Similarly, a doctrine common in evangelical Christianity is that a wife must unilaterally submit to her husband. This teaching, erroneously based on texts like Eph 5:22–24, has, in turn, been used to support male as “priest of the home” teachings in clear contradiction with the Bible’s message that Christ is the one mediator between humanity and God (1 Tim 2:5, see also Matt 11:27, John 14:6).36

Christian and Muslim Women have been Told They are Equal but Have Different Roles.

Surah 33:3537 and certain other passages in the Qur’an are often quoted to suggest that men and women are equal before Allah—but while women are equal spiritually, they are not believed to be equal socially or economically.38 This sounds like the adage of patriarchal Christians, “equal in worth, different in role,” which parallels the modern American “separate but equal.”39 Instead, both traditions strayed from the trajectory set by their founders when deeply negative views of women from the surrounding cultures infiltrated earlier, more egalitarian teachings and practices. This disparity between Scripture and culture is vital to understanding the practice of veiling for Muslim women and biblical references to the same.

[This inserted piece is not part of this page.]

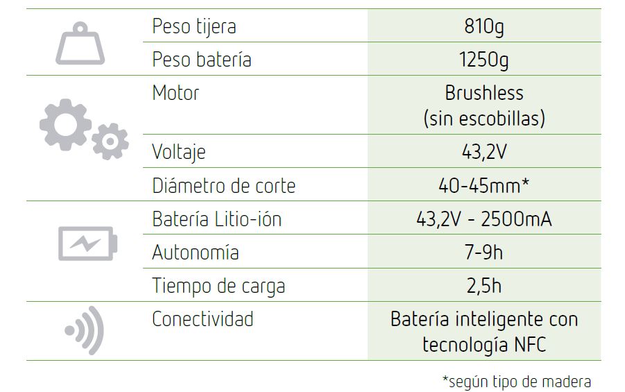 makas elektrik ECOPRUNING EC50 yetiştirme geniş alanlar budama uzatmak için tasarlanmıştır. Dişli sistemi ve raf başlığı için son derece güçlü, hızlı ve güvenilir makas. Elinde çok hafif, rahat ve iyi dokunuş, her tür budama için mükemmel bir müttefik olur.

Veiling: Dignity or Subordination?

The above description of commonalities between Christian and Muslim women is largely doctrinal. Doctrine and practice are, of course, interwoven, and we shift now to focus on a particular practice that millions of Christian and Muslim women have experienced over the centuries—veiling. This practice, together with the teachings and motivations behind it, will serve as an extended example of the overlapping experiences of Christian and Muslim women.

The Complexity of Veiling in Muslim History

In 1923, Huda Sh’arawi, daughter of a wealthy landowner and founder of the Egyptian Feminist Union, removed her face veil in an Alexandria train station in protest of her perceived inferior status. She was well-educated and did not find headscarves to be a requirement in the Qur’an. A movement was born. Years later, however, Egyptian daughters began wearing veils in favor of modesty, “ironically with the same [feminist] rationale their grandmothers used to discard it.”40 “How could this be?” we wonder in the West. “Who would put herself back under oppression?” is the question asked by those who view the situation without a culturally informed lens.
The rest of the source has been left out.